Outlier removal. While Dreamina can rapidly synthesize images based on user prompts, a small subset of synthetic radicles deviated noticeably from realistic morphology. As shown in Figure 5C, for instance, a few number of synthetic seedlings exhibit abnormal features such as multiple radicles or unnatural transitions between the cotyledon and radicles regions. These are treated as outliers. To address this, each synthetic image was manually inspected, and outlier instances were removed using Dreamina’s eraser or any other AI-erasers that can eliminate undesired content while preserving the original background pattern.

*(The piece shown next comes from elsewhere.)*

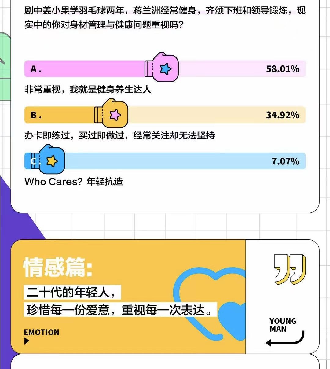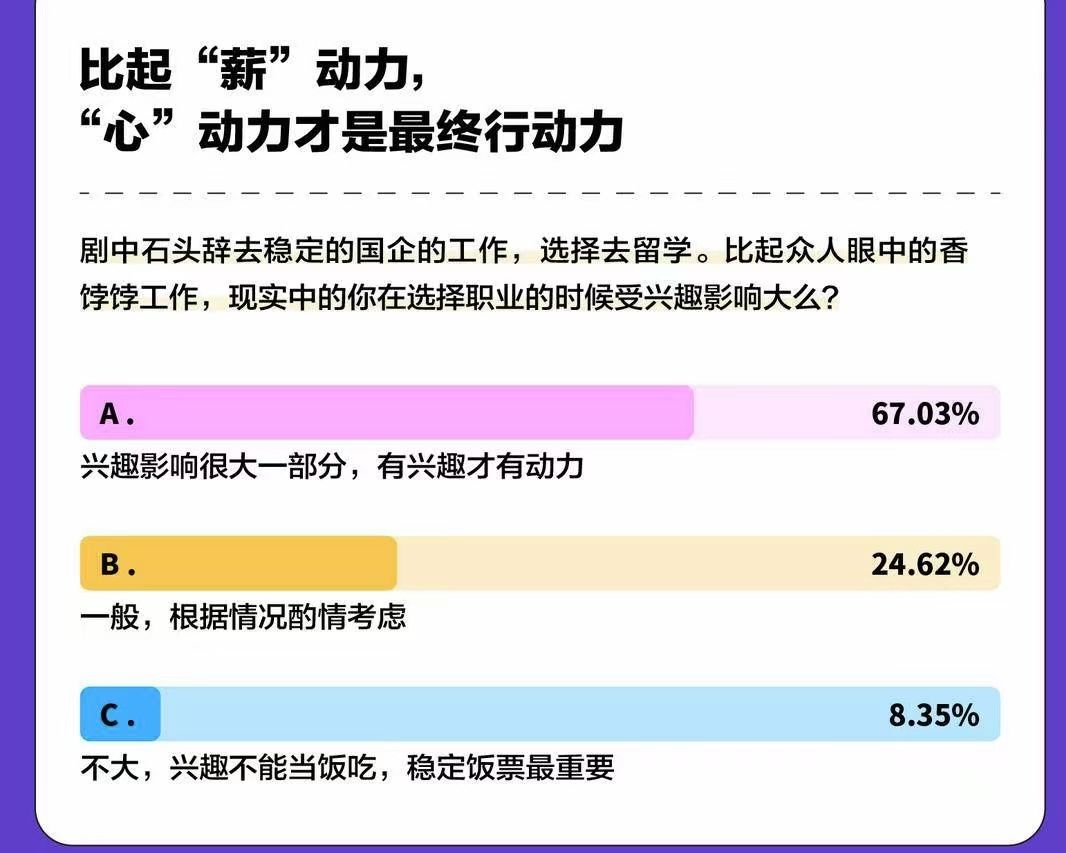 现在的年轻人为啥不爱吃鸭脖了,不爱喝奶茶了,关于年轻人的话题不断登上热搜,更多问题,可以从这部剧中找到代入感。正在热播的后青春世代生活职场剧《二十不惑2》豆瓣开分8.1分,讲述了四位女大学生,毕业后面临的职场和情感挑战。面对现实中的你遇到需要公开竞争的机会,会和前辈竞争么?现实中你能识别出老板的“画饼”行为吗?诸如此类情感和职场话题,年轻人也在调查中给出自己的答案。记者注意到,现实中这代年轻人更愿意选择有兴趣的工作和方向,面对竞争更有冲劲,面对有挑战性的机会,更愿意勇敢尝试竞争。面对生活和职场的矛盾和困惑,努力寻找到自己的生活方式。

After outlier removal, the remaining synthetic seedlings closely resemble their real counterparts, making it difficult to distinguish them at first glance. Although Dreamina effectively synthesizes germinating elm seed images, it does not embed explicit length information in the generated results, as no such prompts were provided. However, this limitation does not compromise the performance of our model in length prediction, as the synthetic dataset is used solely to enhance radicle detection accuracy. The final synthetic dataset comprises 655 seedlings with instance masks, expanding the size and diversity of our training data for radicle detection.

2.5. Generalization Analysis of Synthetic Data

To evaluate the domain gap between synthetic and real images, we conducted a comparative experiment. Using 500 instances each of real images and synthetic images, we trained identical GLEN models (all hyperparameters held constant) and evaluated segmentation performance on the same real-image validation set. As shown in Table 1, the real-image-trained model achieved 81.1% bbox AP50 and 79.4% segm AP50, while the synthetic-image-trained model attained 77.4% and 74.9%, respectively. Although synthetic data yields marginally lower performance, its segmentation accuracy exceeds 74%—demonstrating effective learning of radicle morphological features. This performance difference primarily stems from distribution shifts in texture details and illumination conditions between synthetic and real images. In this study, synthetic data complements real data to improve model generalization capability.

3. Model Proposed

In this section, we first introduce the fundamental concept underlying the GLEN model, then describe its architectural design in detail, and finally outline the training procedure for optimizing model performance.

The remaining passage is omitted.